公元236年春
武陵临沅县,郡守府
赵统手握第三封“傅肜”的求援信,指节捏得发白。信纸上字迹潦草,末尾的斑斑“血痕”触目惊心。
“城中粮尽,士卒伤亡过半……决心死战……家中老母幼子,托付……”
每一个字都像刀子在剜他的心。
“将军!”老成部将再次劝阻,“此信来得太过蹊跷!傅将军何等人物?就算零陵被围,也断不会连发三封求援信,字字凄惶!这必是陆逊奸计!”

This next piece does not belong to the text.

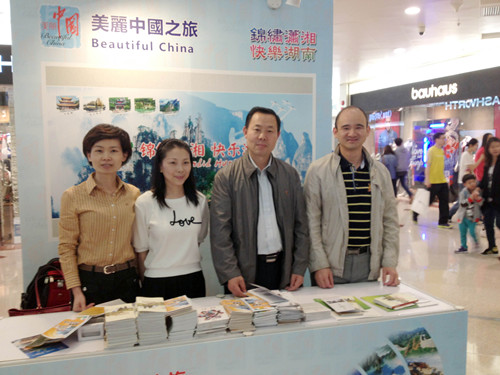 为进一步加强港澳同胞入境旅游市场开发和宣传推广工作,吸引更多港澳游客赴湖南旅游,4月9日至14日,高扬先副局长带领由局市场处相关人员、湖南亲和力旅行社、湖南华天国旅的有关负责人组成的湖南促销团,赴港澳参加了国家旅游局组织举办的2014美丽中国之旅港澳地区主题宣传推广系列活动,并重点推介我省旅游。

赵统痛苦地闭上眼睛。他何尝不知其中疑点?但万一……万一是真的呢?
“将军可曾想过,”部将继续道,“若傅将军真的危急至此,求援的书信怎么会这么恰好送至?”
就在这时,亲兵来报:“将军,五溪蛮首领沙摩柯求见。”
赵统一愣:“快请。”
沙摩柯大步走入:“赵将军,听说零陵被围,傅将军危在旦夕?”
“沙摩柯首领消息灵通。”赵统苦笑,“只是此事疑点甚多……”
沙摩柯大手一挥:“管他什么疑点!傅肜那厮虽然讨厌,却是个硬骨头。他若真的求援,必是到了绝境。”
他顿了顿,眼中闪过狡黠:“不过将军的顾虑也对。不如这样——我带三千蛮兵先去探探路。若真有埋伏,我们蛮兵在山林中来去自如,不怕他吴狗。”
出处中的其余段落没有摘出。